Que faudrait-il faire ?
Il faudra arrêter la dévaluation de la roupie et abolir la taxe de Rs 2 sur les produits pétroliers. L’essence et le diesel sont déjà surtaxés.

Vous avez dû lire que la Banque mondiale considère que la roupie est surévaluée par 30 ou 40%…
J’ai lu récemment une déclaration de lord Desai qui affirme que les instances comme la Banque mondiale font des recommandations. C’est à chaque gouvernement de voir si ces recommandations sont adaptées à son pays. Ils peuvent faire les suggestions qu’ils veulent, mais c’est à vous de voir ce qui est bon pour votre pays.

Vous êtes aussi dirigeant d’une “credit union”. Comment se porte l’épargne en ce moment ?
Le taux d’épargne est très minime. Les gens n’ont pas suffisamment d’argent pour épargner. À la base, les Credit Unions reçoivent des contributions qui sont placées à la banque. Aujourd’hui, le taux d’intérêt est trop faible. Je prends l’exemple de mon association. Nous avons quelque Rs 10 millions de Fixed Deposits” dans les banques. Cela nous rapportait Rs 800 000 il y a dix ans. Aujourd’hui, ces Rs 10 millions ne rapportent que Rs 125 000 d’intérêts. Toutes les Credit Unions vont craquer dans les années à venir. Nous n’arrivons pas à aider les membres comme il le faut.
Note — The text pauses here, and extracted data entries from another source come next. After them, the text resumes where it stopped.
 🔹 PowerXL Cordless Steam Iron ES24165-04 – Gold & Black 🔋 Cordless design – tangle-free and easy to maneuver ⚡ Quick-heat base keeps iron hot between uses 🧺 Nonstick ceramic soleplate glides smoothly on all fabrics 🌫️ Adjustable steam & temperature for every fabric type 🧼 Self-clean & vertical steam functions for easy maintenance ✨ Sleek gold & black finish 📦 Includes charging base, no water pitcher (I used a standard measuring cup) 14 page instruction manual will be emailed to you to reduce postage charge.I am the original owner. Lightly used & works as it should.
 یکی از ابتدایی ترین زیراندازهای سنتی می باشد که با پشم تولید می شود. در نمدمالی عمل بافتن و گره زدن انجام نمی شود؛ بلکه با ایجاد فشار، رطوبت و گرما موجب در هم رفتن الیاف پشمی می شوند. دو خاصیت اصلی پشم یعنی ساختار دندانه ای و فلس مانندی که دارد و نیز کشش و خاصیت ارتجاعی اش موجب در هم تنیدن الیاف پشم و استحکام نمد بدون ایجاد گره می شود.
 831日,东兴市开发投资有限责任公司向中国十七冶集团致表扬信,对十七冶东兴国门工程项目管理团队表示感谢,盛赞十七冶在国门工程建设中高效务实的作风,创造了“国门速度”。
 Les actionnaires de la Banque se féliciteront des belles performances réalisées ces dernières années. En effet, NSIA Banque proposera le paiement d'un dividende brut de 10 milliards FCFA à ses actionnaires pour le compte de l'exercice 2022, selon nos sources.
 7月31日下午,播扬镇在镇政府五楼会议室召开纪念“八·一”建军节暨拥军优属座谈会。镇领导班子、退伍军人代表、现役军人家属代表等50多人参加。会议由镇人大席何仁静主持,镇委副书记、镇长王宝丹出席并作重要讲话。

Cette semaine a été marquée par la première phase de la réouverture des frontières. Qu’en pensez-vous ?
C’est bon qu’on ait commencé à rouvrir les frontières. Cependant, le nombre de tests de Covid effectués par jour n’est pas suffisant. Il faut faire davantage de tests afin de dépister plus de malades. Dans les 1 800 et 2 000 tests effectués par jour, on a une moyenne de 20 à 30 cas. Si on doublait le nombre de tests, on aurait pu relever plus de malades de la société et leur donner les soins nécessaires. On devrait faire le maximum de tests.
Concernant les vaccins, les gens font la queue pour le faire. Les autorités auraient dû s’assurer non seulement qu’il y a suffisamment de vaccins, mais auraient dû accélérer la campagne de vaccination avec de toucher le plus grand nombre de personnes le plus vite possible.